Two bearded priests in long black robes lead a boy with a large cross into the cemetery, followed by somber men carrying a yellow casket overhead. Most of the redeyed relatives appear to be still in a state of disbelief. "He was the only boy in the family," an uncle whispers as a crowd fills the small courtyard.

A Palestinian flag drapes the young martyr's body. Stony expressions on the faces watching the priest perform final rites suggest a collective thought: that could be any one of them in Salem's place; that could be their father roughly seizing his dead son and kissing him goodbye forever; that could be their mother crying and pounding the casket, and their sisters who pull her away. Every young Palestinian at that moment realizes how cheap his life has become under Israeli military occupation, and how quickly it can be taken, even in his own home.

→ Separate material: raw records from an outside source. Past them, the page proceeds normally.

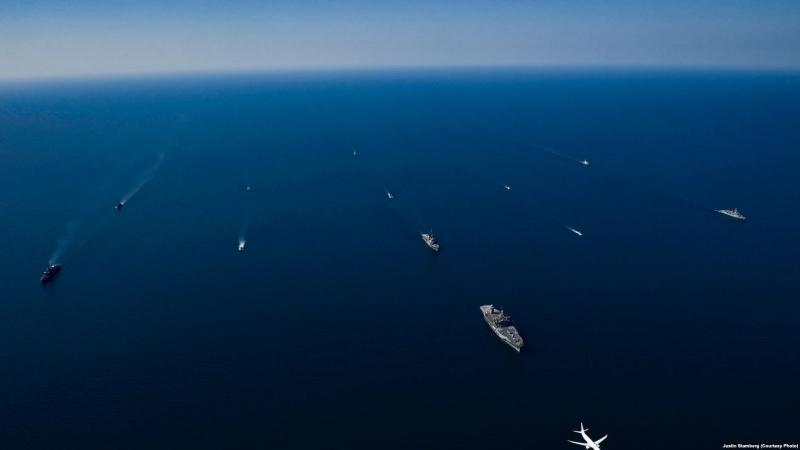 Останні чотири роки українсько-американські навчання «Сі Бриз» проходять у повному форматі, тобто складаються із трьох компонент: морської, повітряної, сухопутної. Одну з найбільш видовищних фаз маневрів, коли в море на завдання вийшла міжнародна тактична група, зафіксував на фото американський офіцер із комунікацій Джастін Стамберг.
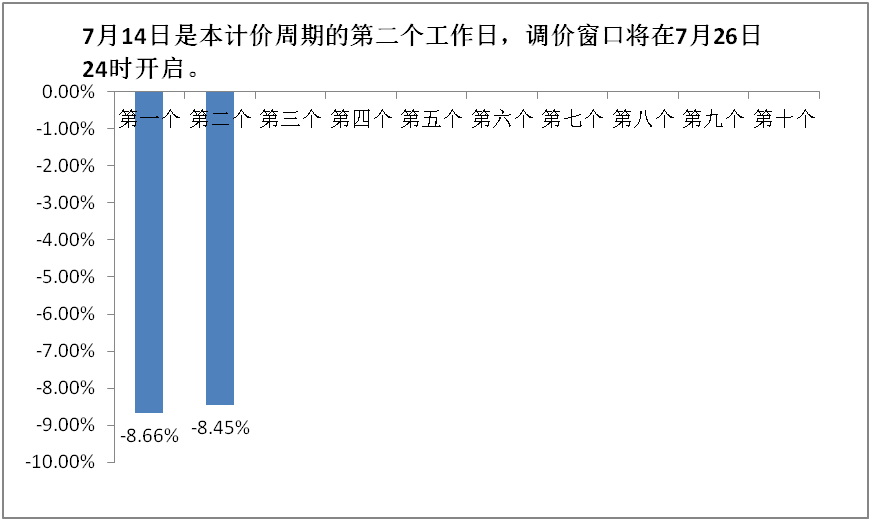 成品油:中国汽、柴油批发价格显示,7月13日中国汽、柴油批发价格下跌。全国92#汽油平均批发价格为9346元/吨,较前一日下跌135元/吨;柴油(含低凝点)平均批发价格为8438元/吨,较前一日下跌111元/吨。当日市场整体情况来看,国际油价12日暴跌,新一轮调价周期一揽子原油平均价格变化率仍负向开启,消息面缺乏有利支撑,各经营主体出货不畅,销售政策更加灵活,但业者观望情绪增加,终端入市采购稀少,市场购销气氛清淡。
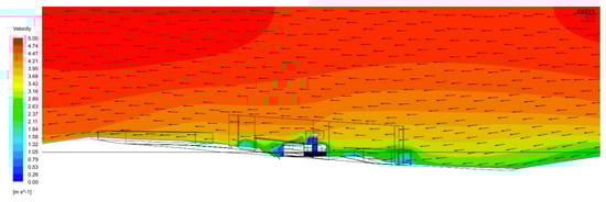 Figure 11 shows the cross section of the model (terrain and building) with the developed air flow around the building as an overview of the flow field. The initial comparison for the validation was derived from the average velocity magnitude in the cross section at the wind velocity meter (Figure 12, left). The results show 0.16 % of deviation compared to measured data, which can be accepted as an accurate result [6]. As the second reference, the air temperature differences were highlighted (Figure 12, right), and in accordance with the results, the energy transfer simulation method can be stated as acceptable, with no need for further statistical analysis, while the difference from the measured values shows a value lower than 1%. In an engineering application, this result can be used for further joint processes.
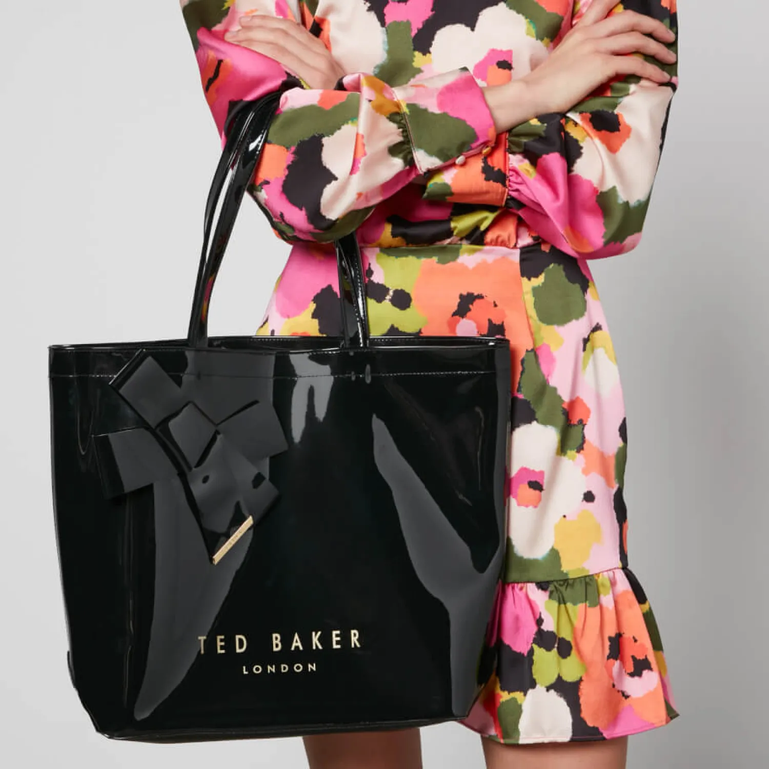 It’S The Everyday Shopper You’Ve Been Looking For – Ted Baker’S Large Nicon Tote Bag Offers A Roomy Interior That’S Perfect For Holding The Essentials. It’S Made From Glossy Vinyl Which Is Adorned With Signature Bow Detailing To Add A Striking Touch To Any Ensemble. Simply Carry Over The Shoulder With The Double Handle Strap.

Another Middle-of-the Night Funeral

Salem is the 230th Palestinian child shot dead by Israeli forces since January 1988. Beit Sahour is another town under curfew. This is another middle-of-the-night funeral in which the mourners are at risk. How is it that this can continue for three years without the depth of human suffering that is the intifada being understood outside Palestine? Why is the simple fact that Palestine is a nation so difficult for the West to accept? These questions produced the frustration that led so many Palestinians to support Saddam Hussain's claim to be their champion. The intifada is a courageous and desperate attempt at national liberation, but there is no end in sight. Daily, Israel is making its rule of the territories more permanent, and is undertaking the final stages of the destruction of Palestine as a nation.

Israeli intransigence is certain to force the Palestinians to resort to greater levels of violence to liberate their state. That is not the Palestinians' preference. If it continues to ignore the stateless nation of Palestine, the United States is playing by arrogant new rules devised for the short-term interests of Israel, and contrary to the long-term interests of the United States in the Middle East.

The killing of Salem Musleh is yet more proof that the nation of Palestine and its liberation struggle are slowly being drowned by the forces of war and occupation. For the youth of Beit Sahour, who dream every waking hour of a free Palestine, while waiting for some sign that the world will follow up the liberation of occupied Kuwait with the liberation of occupied Palestine, the future never appeared so bleak.

Stephen Sosebee is a free-lance writer from Kent, OH presently living in Gaza.